With the growth of on-line services has come a wealth of convenience. I log into the Hofstra portal and my email around the globe. I rarely step inside of a bank. I purchase more and more products on-line, I pay more and more bills on-line, and I even access much of the national, regional and higher education news on-line. The rapidly increasing transition to more and more on-line products and services in the last decade has been a welcome change. I know I am more productive and efficient as a result and I even believe I have slightly more discretionary time.
Along with all the enhanced usage, there is clearly an increased need for security. My emails, what I buy, what I pay, and what I read is my business. Therefore with more and more of my accounts, there is a password along with the log-in ID and this is also as it should be. Initially, my approach was to use the same ID and the same password for almost all of my accounts. In a very few cases, there were password parameters that required I make changes and I did so whenever the need arose…but not more than that. As the accounts multiplied, it became clear to me that having so much reliance on one log-in and on one password diminished my security and increased my vulnerability; and so I began to vary both on a regular basis and to even change passwords on a regular basis. In all cases, I did stick to basic themes for both the ID and the password and so I ended up with many, many variations on a theme. I was clearly responding effectively to security concerns and to add further to the level of protection, I never wrote down any password and relied on my memory which served me well.
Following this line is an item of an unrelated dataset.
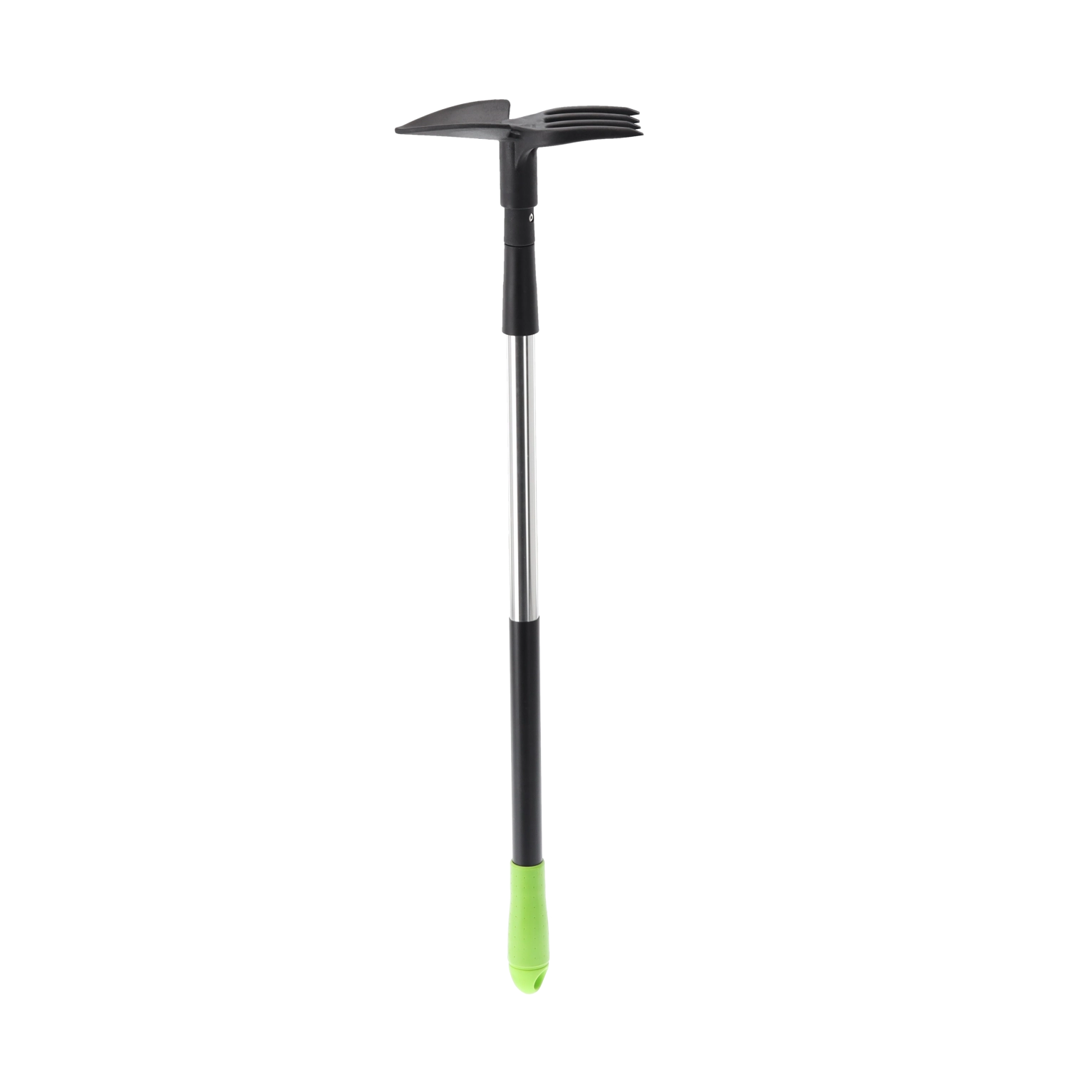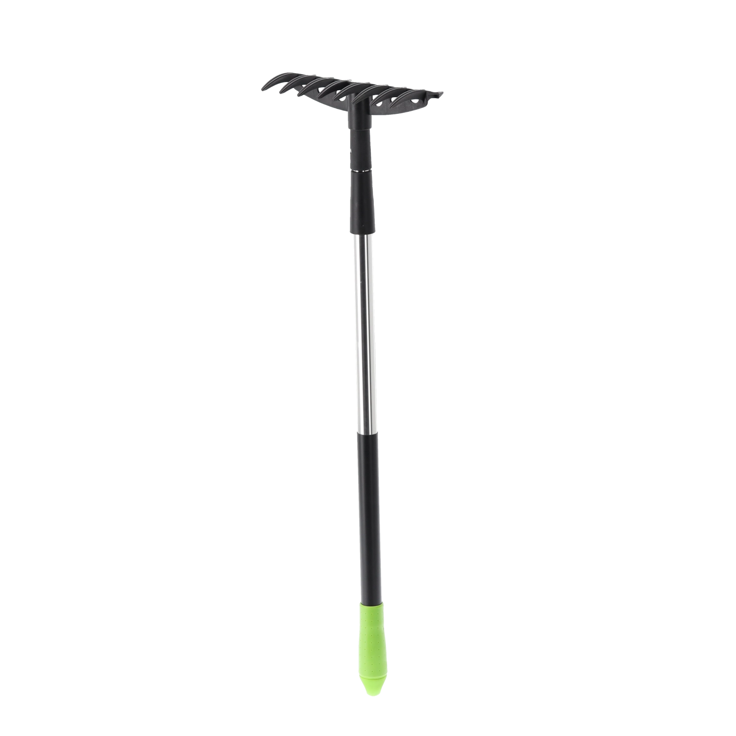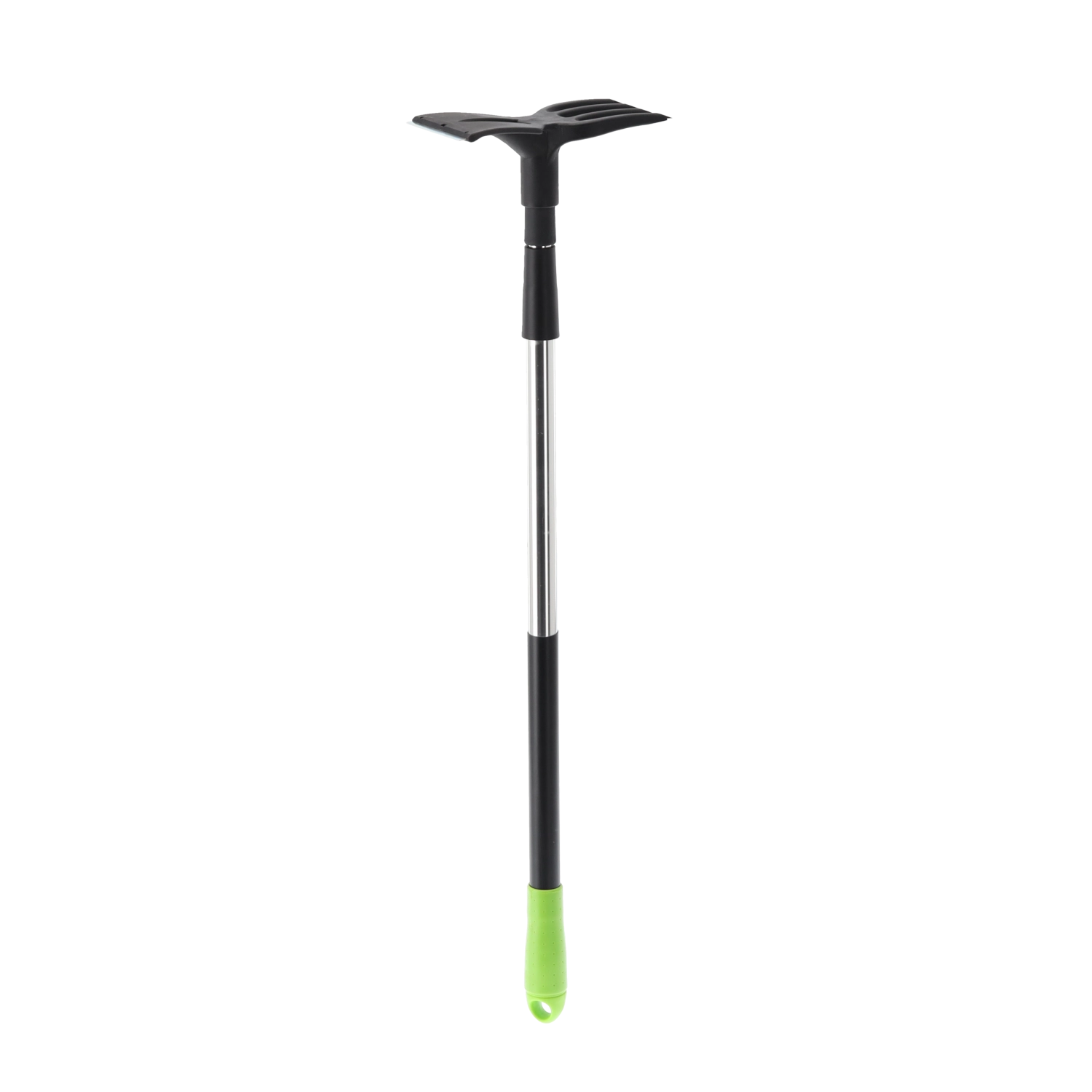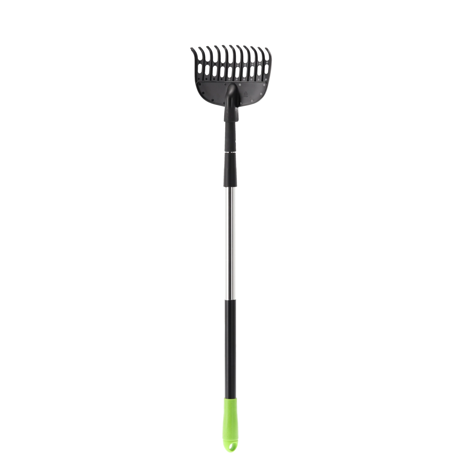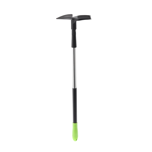 Universelt 10-i-1 havesæt med udskiftelige hoveder og en teleskopisk aluminiumskaft, der sparer både plads og tid. Skift hurtigt tilbehør med ét klik og klare rivning, lugning, løsning af jord, beskæring, rengøring samt vinduesvask. Den ideelle løsning til året-rundt vedligeholdelse af haven, indkørslen og husholdningen.

A few weeks ago, I needed to enter an important program on my hard drive that I had last accessed over a year ago. I open the program and get ready to enter the password but can’t remember exactly what the password is. And so I start to enter possible/likely passwords and nothing works. I even wrote down passwords as I try them since as I mentioned above, my passwords are close variations. Here too, nothing works. Periodically I come back to this program and to date nothing has worked. But I do feel confident that my data is secure. I have also opened two new accounts during this time and in each case have written down the ID and password information.
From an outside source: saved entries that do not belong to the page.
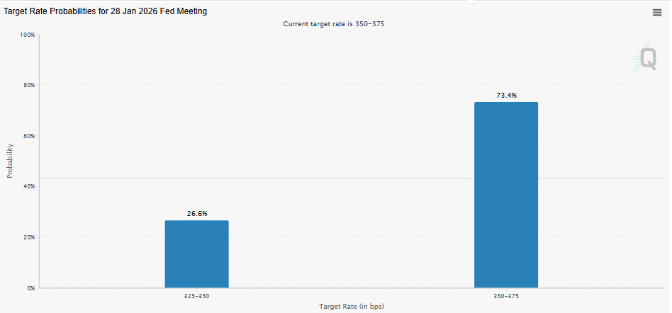 CME FedWatch data shows that the rate cuts have remained unchanged amid the U.S. jobs data release. There is currently a 27% chance that the Fed will lower rates by 25 basis points at the January FOMC meeting.
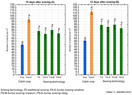 Plant density 10 (A) and 15 (B) days after sowing seeds [pcs·m−2]—average for 2016–2018. a—the same small letter for different sowing methods indicates the lack of significant differences between means (p = 0.05). A,B—different capital letter for different crops indicates significant differences between means (p = 0.05).
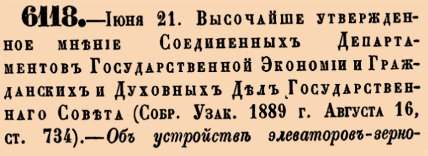 6118. 1889 год. 3 июля (21 июня ст.ст.) Высочайше утвержденное мнение Соединенных Департаментов Государственной Экономии и Гражданских и Духовных Дел Государственнаго СоветаОб устройстве элеваторов-зернохранилищ на девяти станциях Юго-Западных железных дорог, в городе Одессе и об отчуждении земли, принадлежащей Одесскому городскому обществу <…>
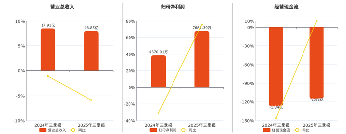 公司营业总收入为16.85亿元,在已披露的同业公司中排名第9。归母净利润为7681.39万元,较去年同报告期归母净利润增加3310.49万元,同比较去年同期上涨75.74%。经营活动现金净流入为-1.66亿元,较去年同报告期经营活动现金净流入增加1784.23万元。
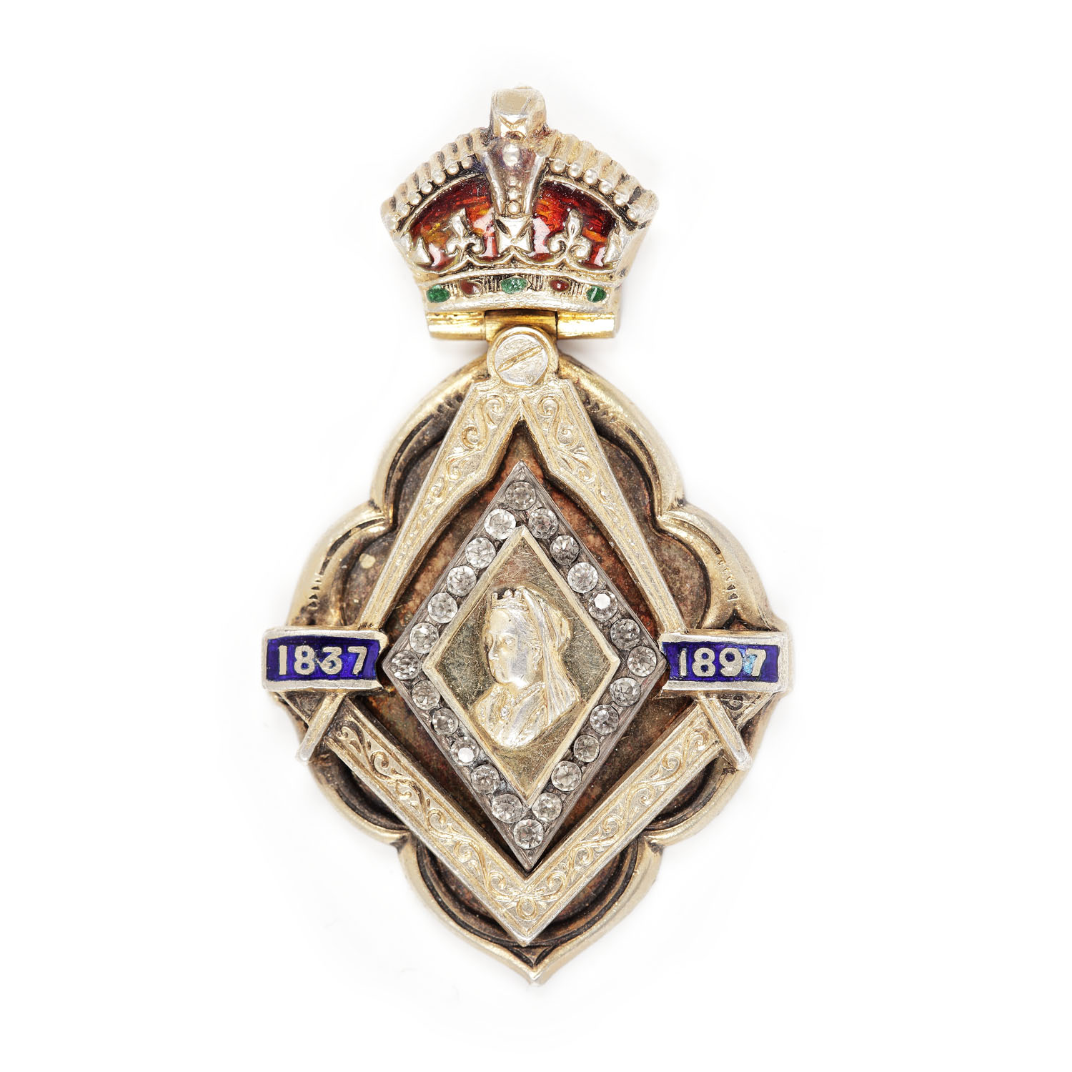 59. Bijuterie masonică din argint, decorată cu însemne masonice, surmontat de coroana regală
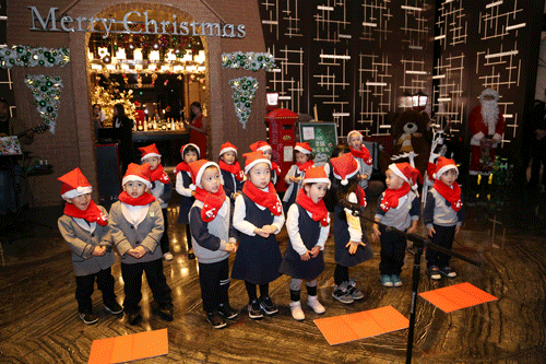 圣诞点灯仪式在酒店大堂举行:高达6.5米的绿色圣诞树、布满圣诞甜品的圣诞小屋、拉着榨汁自行车的小鹿,以及现场乐队唱响的美妙圣诞乐曲,让来宾沉浸在圣诞的浪漫布置当中,感受着浓郁的圣诞氛围,开心地和圣诞老人一起在大堂合影留念。
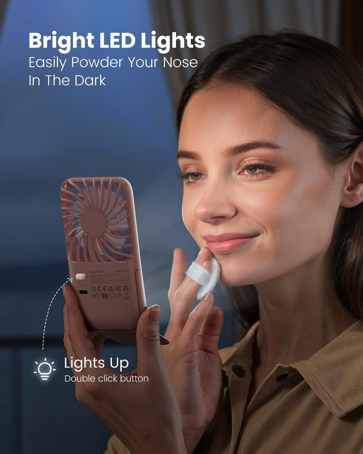 Gaiatop Portable Handheld Fan, Folding Stand for Desktop, 3 Speed LED Makeup Mirror with Light, Rechargeable Mini Personal Fans Small Travel Essentials Gifts for Women Girls Pink
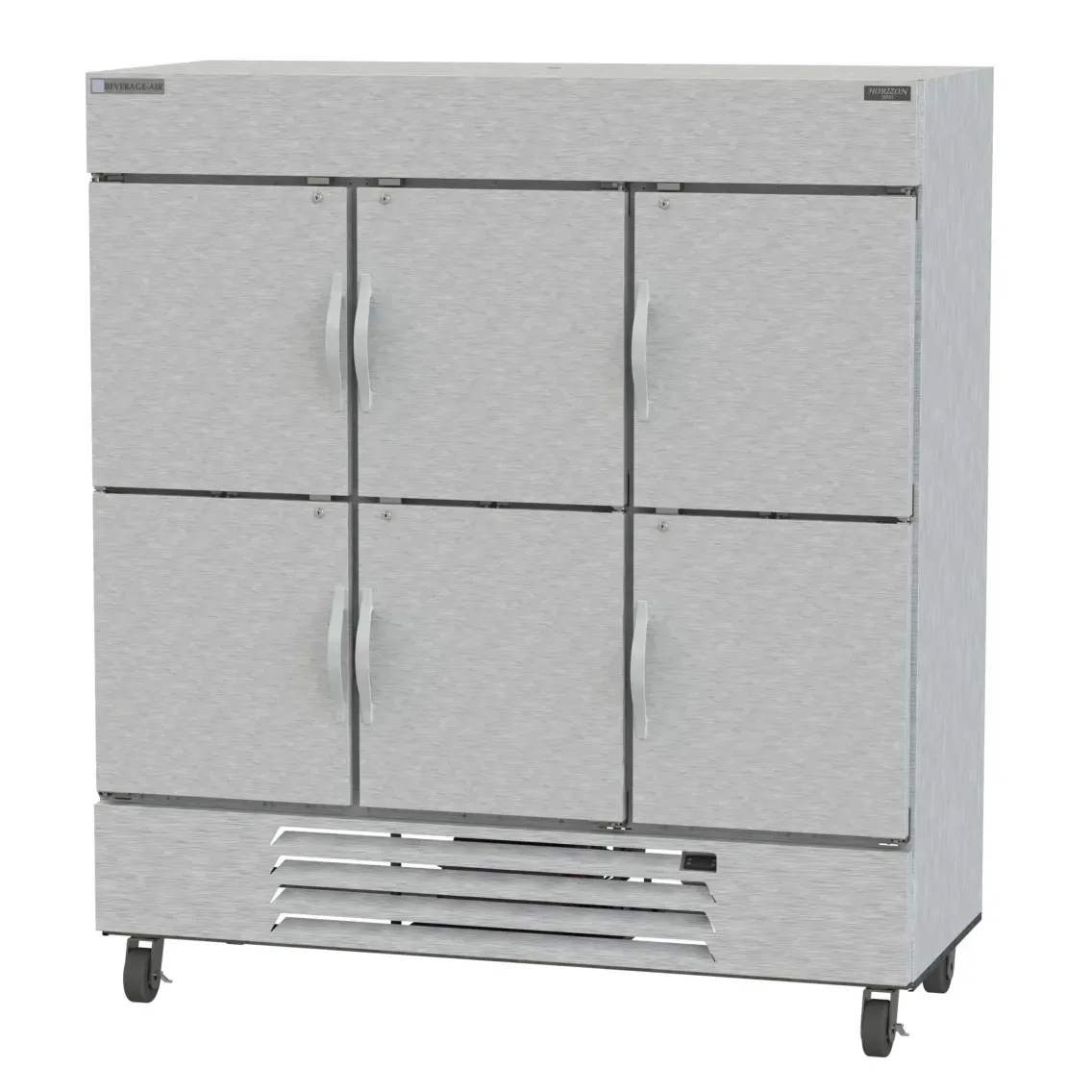 Master the art of cooking with the Beverage Air HBF72HC-5-HS Freezer, Reach-In. This Horizon Series freezer is designed to meet the demands of a busy commercial restaurant. With its three-section layout and a spacious 68.5 cu. ft. capacity, you'll have plenty of room to store all your ingredients and prepared dishes. The freezer features two center solid half doors, two right solid half doors, and two left solid half doors, all equipped with door locks for added security. The nine adjustable shelves allow for flexible storage options, while the electronic control and digital display make it easy to monitor and adjust the temperature. The LED interior lighting ensures excellent visibility, and the stainless steel interior and exterior provide durability and a sleek appearance. With bottom-mounted self-contained refrigeration and automatic defrost, maintenance is a breeze. Made in the USA and certified by cULus, UL EPH Classified, and UL-Sanitation, this Beverage Air freezer is a reliable and efficient addition to any commercial kitchen.

Since the technology exists I am ready for the ID/login function to be replaced by a thumb print or an eye scan. In the meantime I have started writing down this information for existing as well as new accounts on a secure site. I’ve learned my lesson. My memory is excellent but my many, many logins and passwords are more than a match. Maintaining security is critical but without accessibility, it leaves something to be desired. Having written this blog, I am feeling optimistic and heading right back to finding the right combination to access my data.